Der zweite Punkt betrifft die Massentierhaltung, wo Antibiotika in riesigen Mengen eingesetzt werden. Das ist in meinen Augen ein Verbrechen an der Menschheit. Weniger Fleisch essen und der Verzicht auf Fleisch aus der Massentierhaltung wären hier wichtige Maßnahmen. Billigfleisch und gleichzeitig über lange Zeit wirksame Antibiotika sind nicht möglich. Drittens muss durch entsprechende Hygienemaßnahmen in Krankenhäusern penibel darauf geachtet werden, dass sich bereits resistent gewordene Krankheitserreger nicht unter den PatientInnen ausbreiten.

uni:view: Und Viertens?
Wagner:
Viertens braucht es mehr Forschung. Für die Pharmaindustrie ist die Erforschung neuer Antibiotika nicht profitabel genug, da die Einnahmezeit dieser Medikamente meist nur ein bis zwei Wochen beträgt und die Krankheit dann besiegt ist. Hier sind also auch staatliche Stellen gefragt, die Antibiotikaforschung mitzufinanzieren, da diese Aufgabe von großer gesellschaftlicher Bedeutung ist. Es gibt Millionen unerforschter Bakterien in der Umwelt und viele dieser Mikroben produzieren noch unbekannte Antibiotika, um andere Mikroben zu bekämpfen. Wir müssen jetzt die Erforschung dieser unbekannten Mikroben intensivieren und aus ihnen neue Antibiotika isolieren, um auch in Zukunft wirksame Waffen gegen bakterielle Infektionskrankheiten zu haben!

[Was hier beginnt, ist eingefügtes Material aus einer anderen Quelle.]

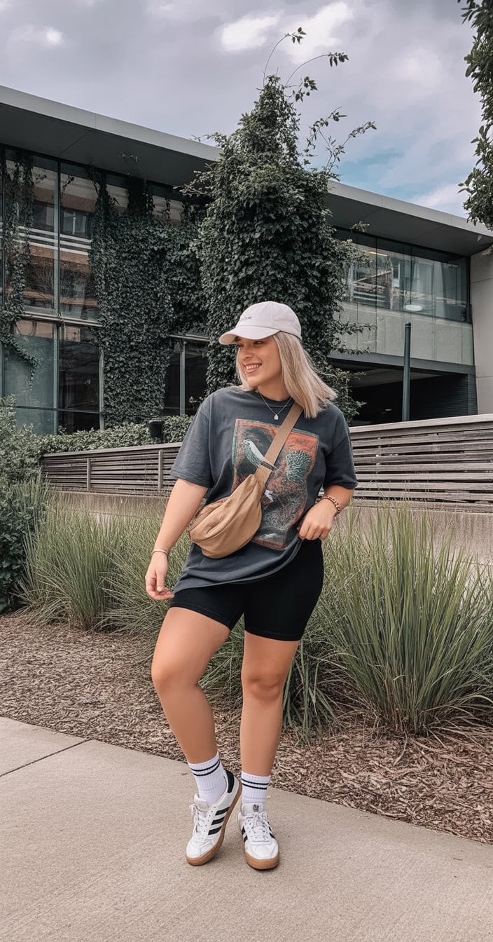 This outfit has that easy, feel-good confidence that comes from knowing you’re comfortable and still look cute. The oversized graphic tee gives a relaxed, slightly nostalgic vibe, while the biker shorts keep things grounded in modern casual looks. It feels playful, effortless, and perfect for days when you want to feel like yourself without overthinking your outfit.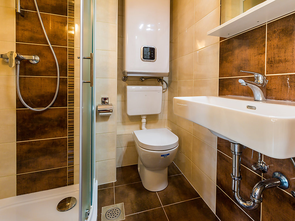 Mehrfamilienhaus "Leko". 130 m vom Zentrum von Novi Vinodolski, sonnige Lage, exzellente Lage: Absolut zentral und dennoch ruhig, 450 m vom Meer, 450 m vom Strand. Zur Mitbenutzung: Schwimmbad eckig (8 x 3 m, 150 cm tief, saisonale Verfügbarkeit: 01.Mai.-15.Okt.). Aussendusche, Gartenmöbel, Grill. Im Hause: Internetzugang, Tischtennis, Tischfussball, Waschmaschine (zur Mitbenutzung, extra). Abholservice vom Flughafen (extra). Schmale Zufahrt bis zum Haus. Parkplatz beim Haus auf dem Grundstück. Einkaufsgeschäft, Supermarkt 130 m, Sandstrand, Steinstrand 650 m, betonierter Strand 450 m. Bitte beachten: Es kann auf Anfrage ein Transfer ab Flughafen zum Ferienobjekt organisiert werden. Private Bootsanlegestelle (extra) auf Anfrage. Parkplatz in 200 m (eingezäunt).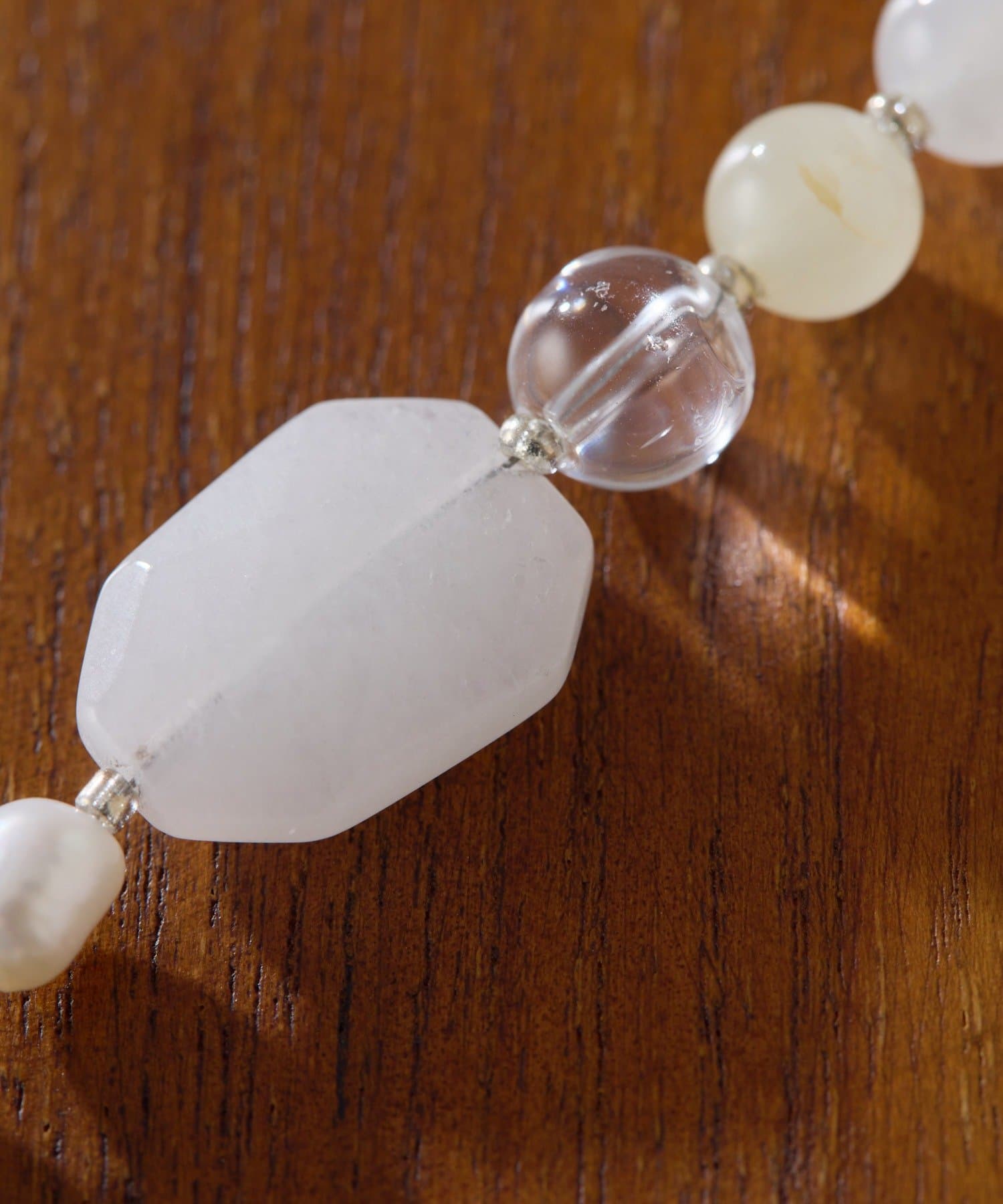 ・天然石の自然な模様や柄が美しく、ナチュラルなパールの形や輝きもポイント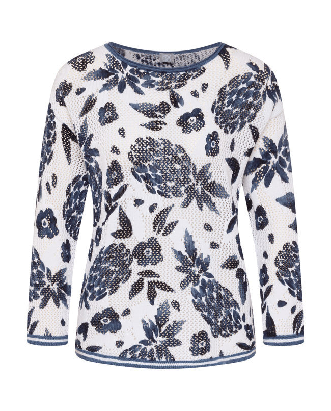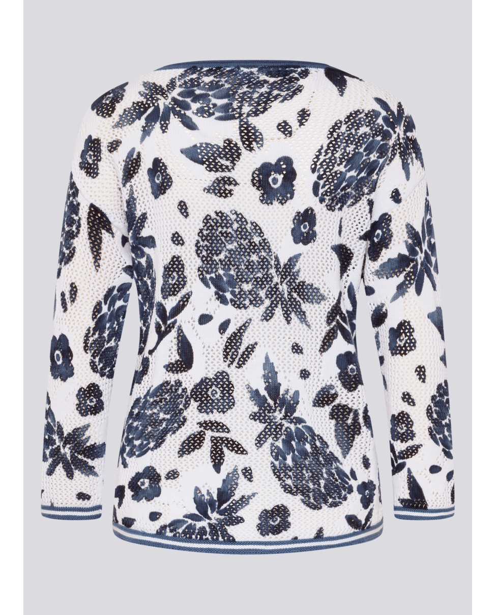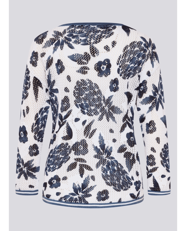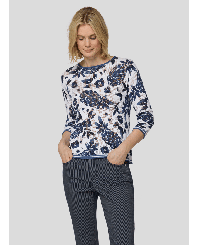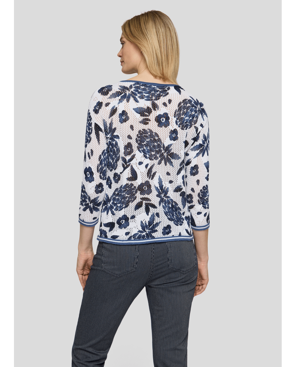 Katoenen dames trui van Rabe met opengewerkte structuur, ananas- en bloemenprint, ronde hals en 3/4 mouwen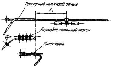 Повреждения проводов в натяжных зажимах обычно происходят в зоне выхода из устья зажима.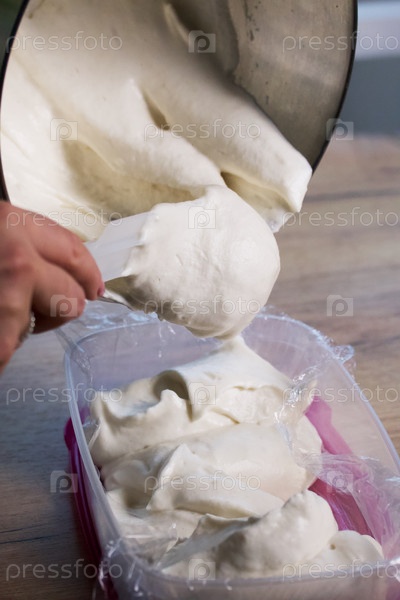 Женщина перекладывает взбитое яблочное пюре с желатином из чаши блендера в контейнер. Крупный план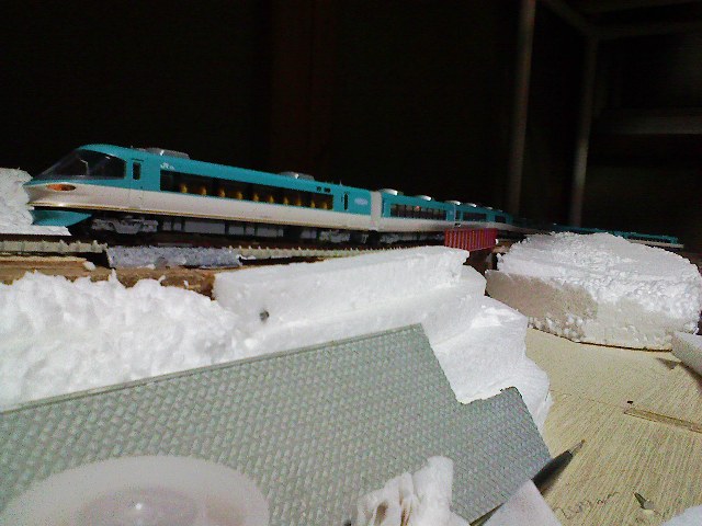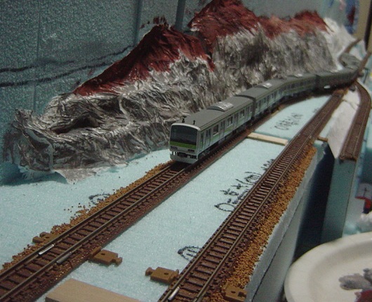 この前、r−31さんのレイアウトを拝見する機会があったんですが、 スタイロフォームをベースに作るってのが思った以上に発展性がありそうでビックリしました。 仮設で作るのにももしかしたら良いかもしれないです。 215系ってやっぱり大きいですね。 |

uni:view: Danke für das Gespräch! (mw)

Mehr über Michael Wagner:
Univ.-Prof. Mag. Dr. Michael Wagner (geb. 1965) ist seit 2003 Professor an der Universität Wien, wo er das Department für Mikrobiologie und Ökosystemforschung und den Forschungsverbund "Chemistry Meets Microbiology" leitet. Der ERC-Preisträger gehört seit vielen Jahren zu den meist zitierten MikrobiologInnen weltweit. Seine Forschungsschwerpunkte sind die Entwicklung von molekularen Methoden für die Funktionsanalyse von Mikroben und die Erforschung der Bakterien und Archaea, die beim Stickstoffkreislauf der Erde eine wesentliche Rolle spielen.